The 70-year-old official will most probably be pointing out negative reports or bringing some such crucial information to the attention of the PM.

Ministers of the Modi government have been instructed not to speak to the media. That's the job of the ministry spokesman or of a government spokesman, if a particular ministry does not have a dedicated spokesman. BJP MPs have been warned of the possibility of a Bangaru Laxman-type sting!

The point is, ever since May 26, very few Union ministers have addressed a press conference. Shortly after he was sworn in as prime minister, Narendra Modi called a meeting of the BJP parliamentary party in the Central Hall of Parliament, where he gave them what the Congress has dubbed "10 commandments". One of them was: "Avoid speaking to the media. There is no need to speak on national issues unnecessarily."

The MPs were on cue. As they trooped out, they refused to give bytes to the waiting media. Since then, very few ministers have interacted with the press. The council of ministers has had only one meeting and the government's mind on various issues is only a guess, hazy at best.

Government briefings have stopped. When the UPA was in power, there was a Group of Ministers (GoM) on Media that used to meet everyday at a fixed hour to analyse the events of the day GoM has been scrapped, along with the others.

Journalists who have been covering BJP for years and were on wonderful terms with party leaders are suddenly finding it hard to get through to them. Even when they do breach the wall, wanting to speak on a certain issue, all they get is a "cannot say anything" comment.

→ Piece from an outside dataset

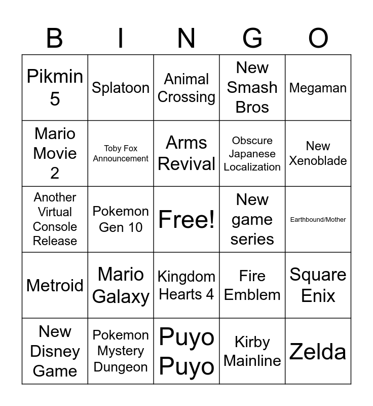 This bingo card has a free space and 24 words: Mario Galaxy, Pokemon Mystery Dungeon, Arms Revival, New Disney Game, Megaman, Pikmin 5, Mario Movie 2, Splatoon, New game series, Kingdom Hearts 4, Obscure Japanese Localization, Another Virtual Console Release, Fire Emblem, Square Enix, Toby Fox Announcement, Kirby Mainline, Earthbound/Mother, Animal Crossing, New Xenoblade, Pokemon Gen 10, Zelda, Metroid, New Smash Bros and Puyo Puyo.

The government seems to have no media policy. Scanning government websites is a waste of time. Even the PMO website is more or less moribund. It's not yet updated. There is mention of 'Quest for Transparency' but RTI on officials in the PMO and their service details are not fully transparent.

Even PIB officials say they rely on Twitter to get to know what the government is up to and what and how much of the information should be told to the media. Press statements are drafted, based on tweets posted by the PMO. Narendra Modi has already underlined the importance of social media to interact with the people.

Delhi, where a hot news or a spicy gossip blew in with every gust of wind from the Yamuna, is looking like a parched state, looking for succour. The byte has gone out of the BJP.